- **THE DATA**
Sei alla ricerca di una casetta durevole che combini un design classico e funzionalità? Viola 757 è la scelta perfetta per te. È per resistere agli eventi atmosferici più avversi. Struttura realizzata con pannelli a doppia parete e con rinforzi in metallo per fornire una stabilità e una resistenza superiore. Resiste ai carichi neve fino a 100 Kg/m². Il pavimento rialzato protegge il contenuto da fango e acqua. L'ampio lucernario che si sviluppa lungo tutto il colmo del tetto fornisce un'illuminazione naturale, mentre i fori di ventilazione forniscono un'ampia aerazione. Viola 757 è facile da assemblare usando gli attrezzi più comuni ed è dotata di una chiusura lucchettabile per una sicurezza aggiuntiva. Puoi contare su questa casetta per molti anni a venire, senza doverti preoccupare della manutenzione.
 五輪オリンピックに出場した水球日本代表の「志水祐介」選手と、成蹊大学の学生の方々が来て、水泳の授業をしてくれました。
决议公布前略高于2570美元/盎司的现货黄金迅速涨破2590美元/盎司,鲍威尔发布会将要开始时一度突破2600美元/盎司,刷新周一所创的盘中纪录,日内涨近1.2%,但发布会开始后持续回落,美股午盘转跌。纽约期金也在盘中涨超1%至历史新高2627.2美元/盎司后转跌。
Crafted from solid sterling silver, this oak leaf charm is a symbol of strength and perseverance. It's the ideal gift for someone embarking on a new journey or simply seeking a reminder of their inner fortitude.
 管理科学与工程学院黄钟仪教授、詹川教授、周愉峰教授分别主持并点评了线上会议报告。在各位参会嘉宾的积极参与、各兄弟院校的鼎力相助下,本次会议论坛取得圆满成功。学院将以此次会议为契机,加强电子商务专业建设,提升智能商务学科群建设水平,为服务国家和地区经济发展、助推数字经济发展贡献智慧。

- **TASK DIRECTIONS**
Each line from the one with "Crafted from solid" through the last line of the records above must be retyped exactly, and no other line may be given.

- **ANSWER BOX**
Crafted from solid sterling silver, this oak leaf charm is a symbol of strength and perseverance. It's the ideal gift for someone embarking on a new journey or simply seeking a reminder of their inner fortitude.
 管理科学与工程学院黄钟仪教授、詹川教授、周愉峰教授分别主持并点评了线上会议报告。在各位参会嘉宾的积极参与、各兄弟院校的鼎力相助下,本次会议论坛取得圆满成功。学院将以此次会议为契机,加强电子商务专业建设,提升智能商务学科群建设水平,为服务国家和地区经济发展、助推数字经济发展贡献智慧。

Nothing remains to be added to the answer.